Open MPI logo

Open MPI User's Mailing List Archives

  |   Home   |   Support   |   FAQ   |   all Open MPI User's mailing list

From: Dino Rossegger (dino.rossegger_at_[hidden])
Date: 2007-10-01 15:56:16


Hi again,

Yes the error output is the same:
root_at_sun:~# mpirun --hostfile hostfile main
[sun:23748] [0,0,0] ORTE_ERROR_LOG: Timeout in file
base/pls_base_orted_cmds.c at line 275
[sun:23748] [0,0,0] ORTE_ERROR_LOG: Timeout in file pls_rsh_module.c at
line 1164
[sun:23748] [0,0,0] ORTE_ERROR_LOG: Timeout in file errmgr_hnp.c at line 90
[sun:23748] ERROR: A daemon on node saturn failed to start as expected.
[sun:23748] ERROR: There may be more information available from
[sun:23748] ERROR: the remote shell (see above).
[sun:23748] ERROR: The daemon exited unexpectedly with status 255.
[sun:23748] [0,0,0] ORTE_ERROR_LOG: Timeout in file
base/pls_base_orted_cmds.c at line 188
[sun:23748] [0,0,0] ORTE_ERROR_LOG: Timeout in file pls_rsh_module.c at
line 1196
--------------------------------------------------------------------------
mpirun was unable to cleanly terminate the daemons for this job.
Returned value Timeout instead of ORTE_SUCCESS.

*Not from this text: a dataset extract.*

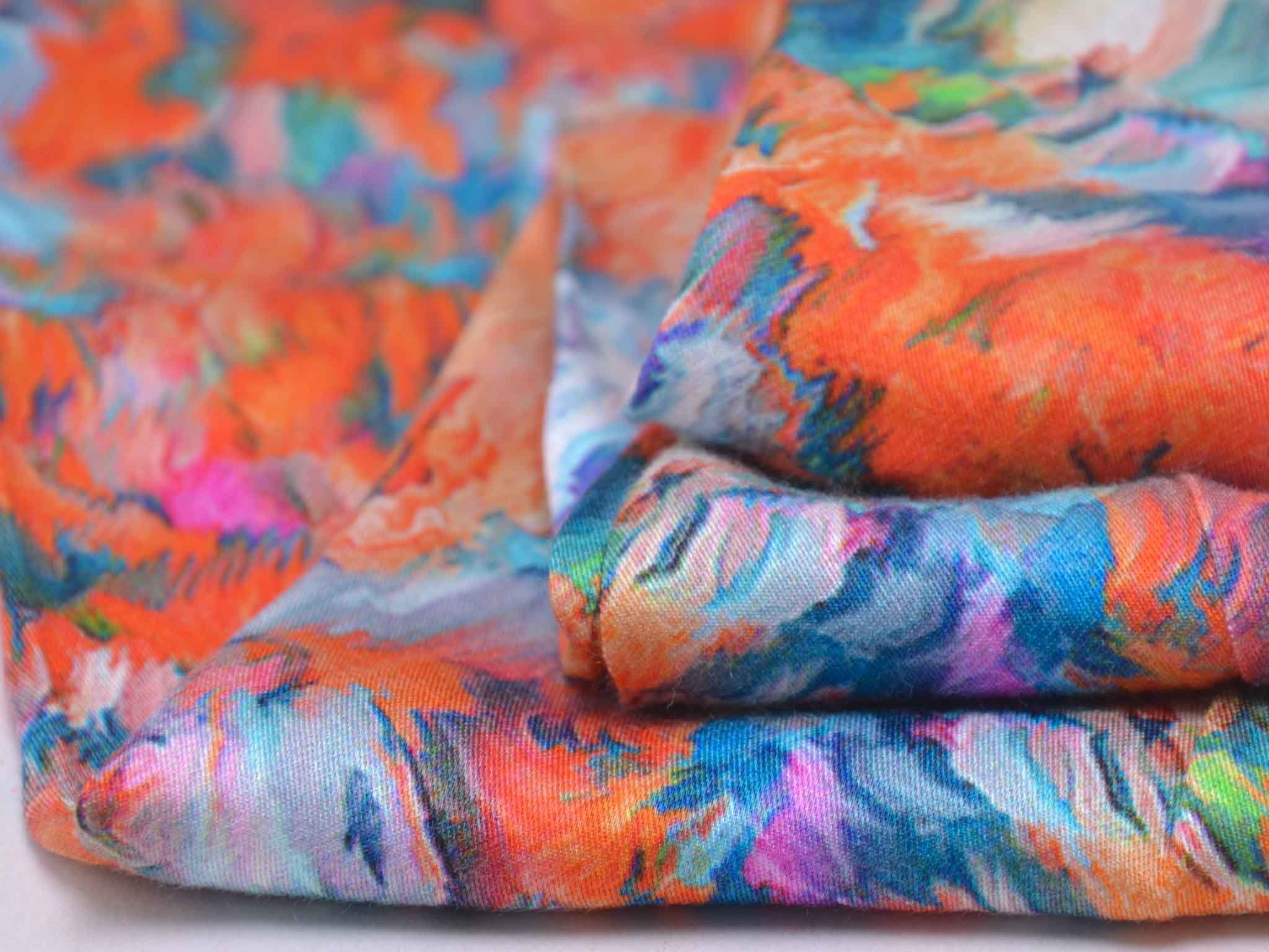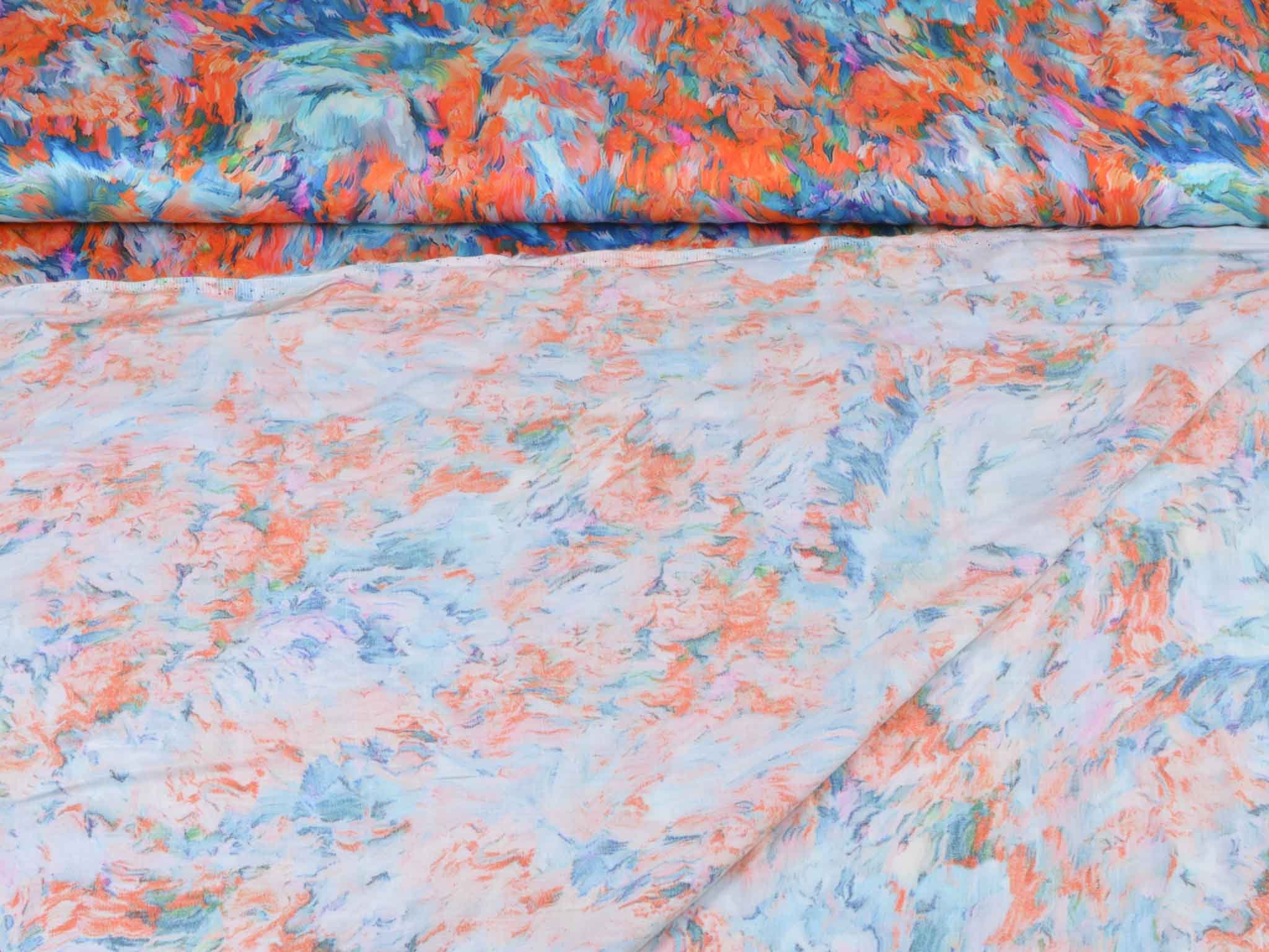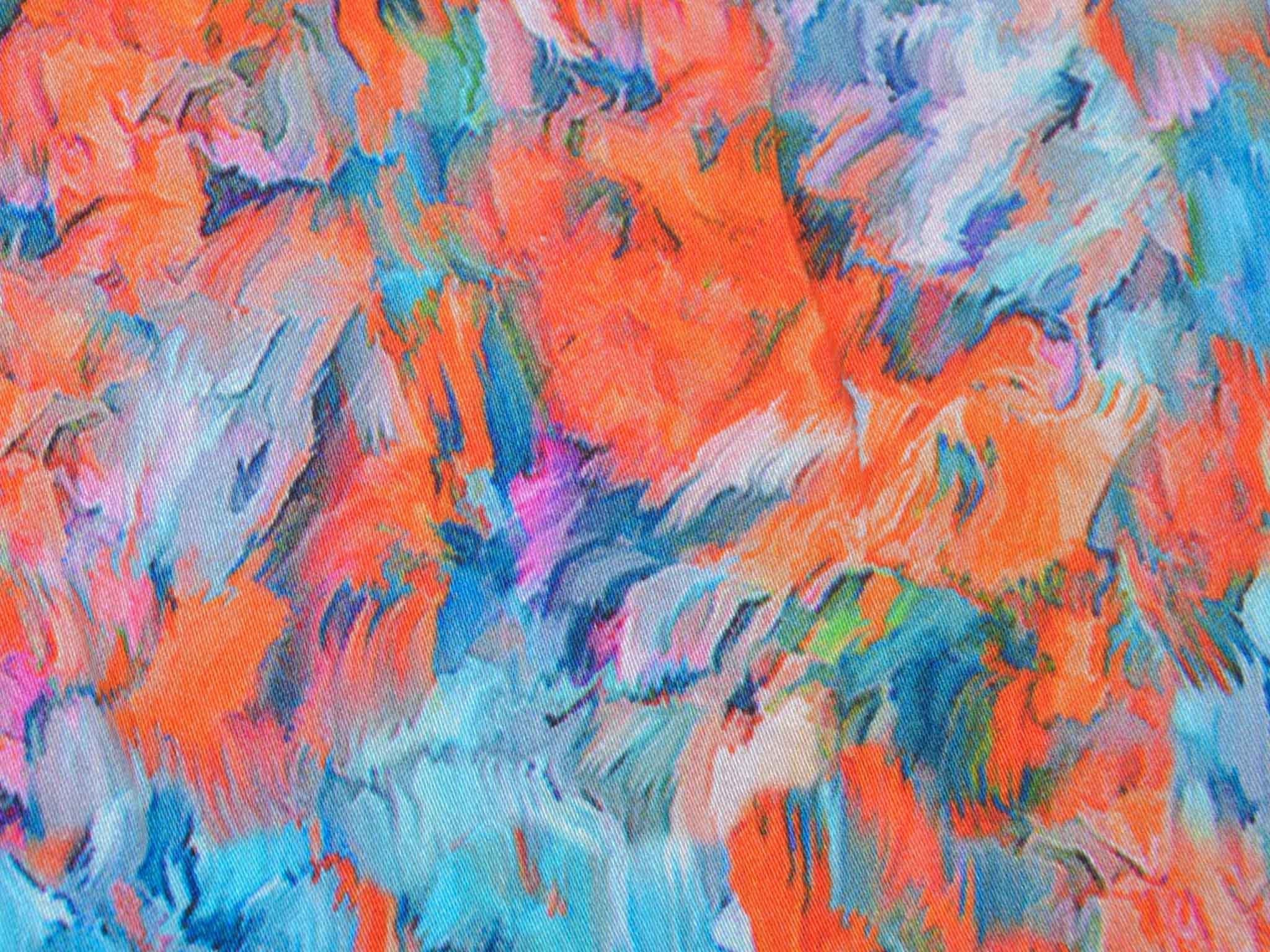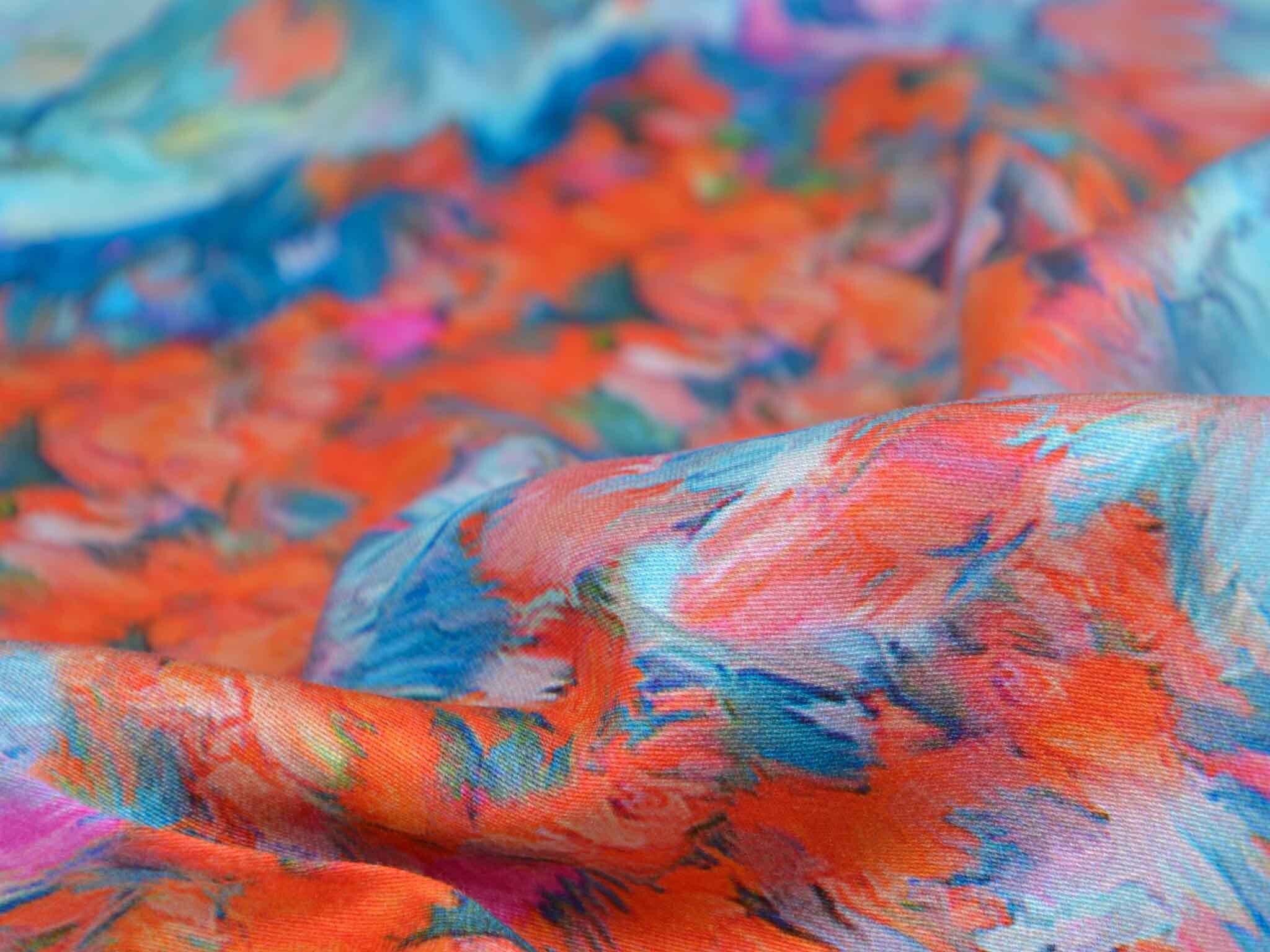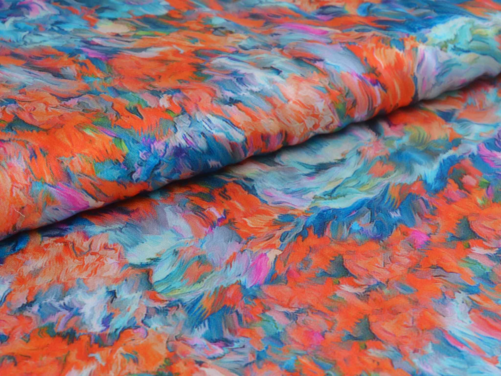 Dünner, leichter Satin-Webstoff aus Viskose mit buntem Art-Print. Der Stoff ist glatt, glänzend und hat einen schönen Fall. Nähe dir daraus tolle Sommerblusen, Kleider, Röcke, Hosen und so vieles mehr.

--------------------------------------------------------------------------

I wrote the following to my .ssh/environment (on all machines)
LD_LIBRARY_PATH=/usr/local/sbin:/usr/local/bin:/usr/sbin:/usr/bin:/sbin:/bin:/opt/c3-4/:/usr/lib:/usr/local/lib;

PATH=$PATH:/usr/local/lib;

export LD_LIBRARY_PATH;
export PATH;

and added the statement you told me to the ssd_config (on all machines):
PermitUserEnvironment yes

And it seems to me that the pathes are correct now.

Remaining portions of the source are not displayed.